Pain Management

We are all familiar with acute pain, meaning pain that comes on in the short term and stays for a variable of period of hours or days and then disappears. Common examples include broken bones or injuries sustained while playing sport.

A lot of the time, the original insult (infection, ectopic pregnancy, cancer, birth injury or surgical trauma) has resolved, but the pain persists. This is where treatment becomes tricky and frustrating, especially for the patient.


Pain is a complicated phenomenon that is not entirely understood by anyone, but we are gradually learning to understand what happens in the pelvis and, in particular, in the pain centres within our brains.

Due to its multi-layered nature, persistent pelvic pain requires a multidisciplinary approach whereby specialists in different fields (particularly pain medicine, psychology, physiotherapy, and gynaecology, to name a few) need to put their heads together.

Where possible, assessments of women with chronic pelvic pain are made by a team of specialists working cohesively, so an overall assessment of the genesis of the pain can be done and its progression over months or years can be assessed.

Management of that pain involves the various disciplines, such as physiotherapy for pelvic floor problems, drug therapy for specific pain issues, gynaecological intervention for endometriosis and related issues, and conventional painkillers according to the type of pain involved.

The whole programme begins with a thorough assessment of the pain by the team members. A comprehensive strategy to tackle the problem is something that needs to be agreed upon by everyone, particularly the patient, before therapy begins.

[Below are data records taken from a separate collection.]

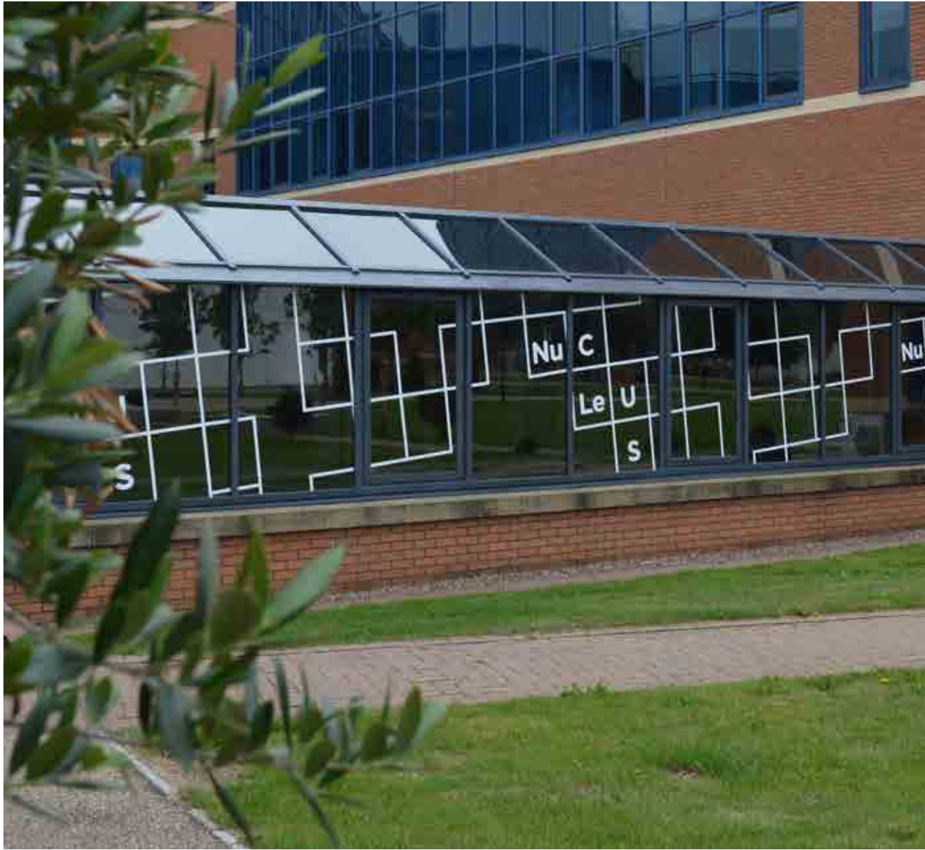
Tinted, solar window film was applied to the inside of the glass corridors to reduce heat and glare. Window manifestations were then applied to the outside of the glass.
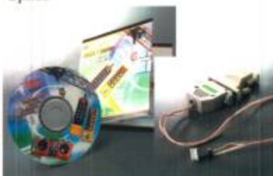
CD ROM + Cable
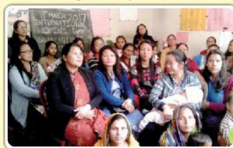
Pakyong ICDS Centre, East District
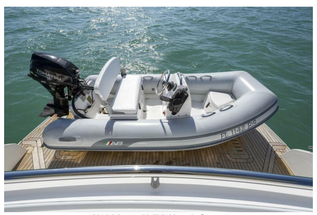
2016 Princess 52 Flybridge - Defiance
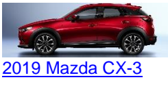
2019 Mazda CX-3
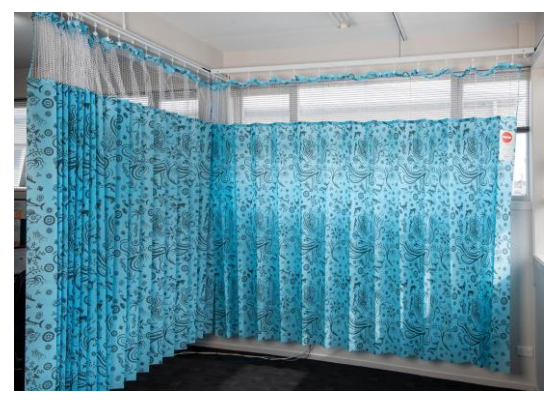
Hospital Curtains Mesh top

Mactrac Care offers two options within the Antimicrobial Curtain range:
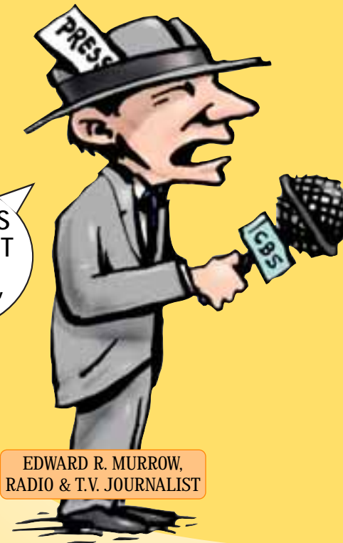
EDWARD R. MURROW, RADIO & T.V. JOURNALIST

"WELL, THE PEOPLE, I WOULD SAY. THERE IS NO PATENT. COULD YOU PATENT THE SUN?"
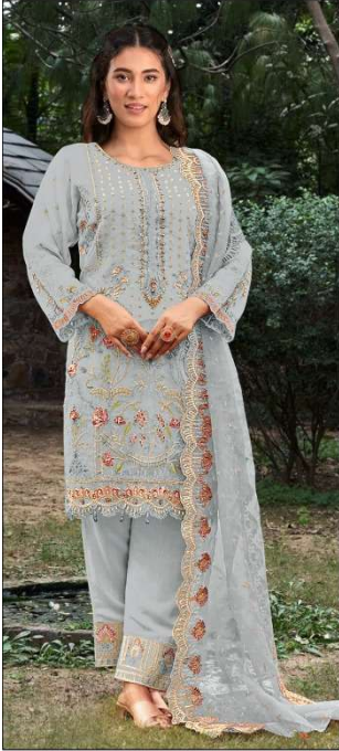
S - 289 A
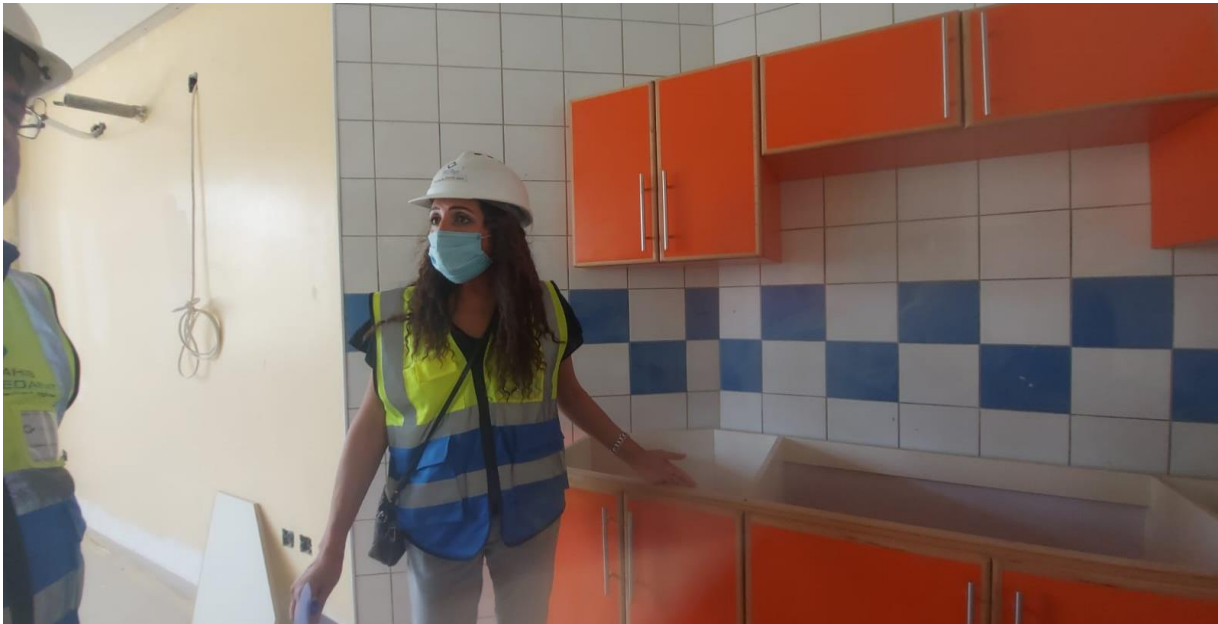
Defects in the beech wood frames

Pudendal nerve desensitization

Pudendal nerve desensitization is a treatment approach that targets the pudendal nerve, which is a major nerve located in the pelvic region responsible for providing sensation to the genitals, perineum, and anal area. This procedure involves injecting a combination of local anaesthetic around the pudendal nerve to reduce inflammation, block pain signals, and alleviate symptoms associated with pelvic pain, vaginismus, and vulvodynia. Let's explore how pudendal nerve desensitization can be effective in treating these conditions:

1. Pelvic Pain

  • Mechanism of Action: Chronic pelvic pain can be caused by various factors, including nerve compression or irritation. Pudendal nerve desensitization aims to reduce nerve sensitivity and alleviate pain by blocking the transmission of pain signals along the pudendal nerve pathway.
  • Effectiveness: By targeting the source of pelvic pain, pudendal nerve desensitization can effectively reduce pain intensity and frequency, improving overall quality of life for individuals suffering from chronic pelvic pain.

2. Vaginismus

  • Mechanism of Action: Vaginismus is a condition characterized by involuntary muscle spasms of the pelvic floor muscles, leading to pain and difficulty with vaginal penetration. Pudendal nerve desensitization can help relax these muscles by reducing nerve sensitivity and blocking pain signals, making penetration less painful and improving sexual function.
  • Effectiveness: Pudendal nerve desensitization has shown promising results in alleviating symptoms of vaginismus, particularly in cases where conservative treatments such as pelvic floor physical therapy have been unsuccessful.

3. Vulvodynia

  • Mechanism of Action: Vulvodynia is chronic pain or discomfort in the vulvar area without an identifiable cause. It can be associated with increased nerve sensitivity and inflammation. Pudendal nerve desensitization aims to reduce nerve hypersensitivity and inflammation in the vulvar region, leading to decreased pain and improved comfort.
  • Effectiveness: Pudendal nerve desensitization has been reported to provide significant relief for individuals with vulvodynia, particularly in cases where other treatments, such as topical medications or pelvic floor therapy, have been ineffective.

Overall, pudendal nerve desensitization can be an effective treatment option for pelvic pain, vaginismus, and vulvodynia, particularly for individuals who have not responded to conservative therapies with a success rate of 80%. However, it's essential to consult with a healthcare provider who specializes in pelvic pain management to determine if this procedure is appropriate for your specific condition and to discuss potential risks and benefits. Additionally, a comprehensive treatment approach may involve combining pudendal nerve desensitization with other therapies, such as physical therapy, medications, or psychotherapy, to optimize outcomes and improve overall pelvic health.